Hussein a-Sheikh, the Palestinian Authority's minister in charge of civilian affairs and one of the PA's senior officials tasked with maintaining relations with Israel, announced on Thursday morning that the Palestinians have rejected the Israeli request to hold a joint investigation into the death of the Al Jazeera journalist Shireen Abu Aqleh, who was shot in Jenin on Wednesday in unclear circumstances.

"Israel requested that we hold a joint investigation into the incident and into the bullet that murdered journalist Shireen," a-Sheikh wrote on Twitter. "We refused, and announced that our investigation will be conducted independently, and at its conclusion, we will inform the family of Abu Aqleh, the Americans, Qatar, and the whole world, of the results of the investigation which will be conducted with a high level of transparency. All the indications and witness accounts point to the fact that she was assassinated by an Israeli special forces unit," he added.

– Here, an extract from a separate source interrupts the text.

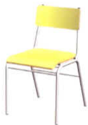
Cadeira para Refeitório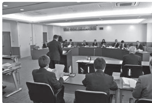
第4回定例会の様子

The IDF's initial investigation of the incident has revealed that the Palestinian journalist was standing between 100 and 150 meters away from the IDF forces who were operating in Jenin, when she was hit by gunfire. During the operation, fighters from the Duvdevan unit fired several dozen bullets, but it is unclear whether Abu Aqleh was hit by Israeli fire or by a bullet fired by armed Palestinian gunmen who had provoked the battle by firing first at the IDF unit.

Israel has a clear and pressing interest in verifying the details of the incident, and IDF Gen. Rasan Elian had already asked the Palestinians to release the bullet extracted from the journalist during autopsy, in order to conduct a forensics examination and determine its origin. The Palestinians, however, have refused to comply.

According to a senior security official, Israel, "acting transparently and with openness, has proposed to Palestinian Authority and American representatives that we send our own representatives to be present at the forensics examination of the bullet."

Speaking on Kan 11, Gen. Yehuda Fuchs, the head of the IDF's Central Command, said that he has not ruled out any potential source of the bullet. "Wild, unchecked gunfire was directed at IDF forces operating in the area," he said. "They were shot at from a number of directions, and at this stage, I am unable to determine what exactly hit Abu Aqleh."

IDF spokesman Brig.-Gen. Ran Kochavi has also said that the inability of the Palestinians to determine the source of the gunfire testifies to the complexity of the incident. However, he added that if the bullet were to be transferred to Israeli forensics experts, its source could be identified.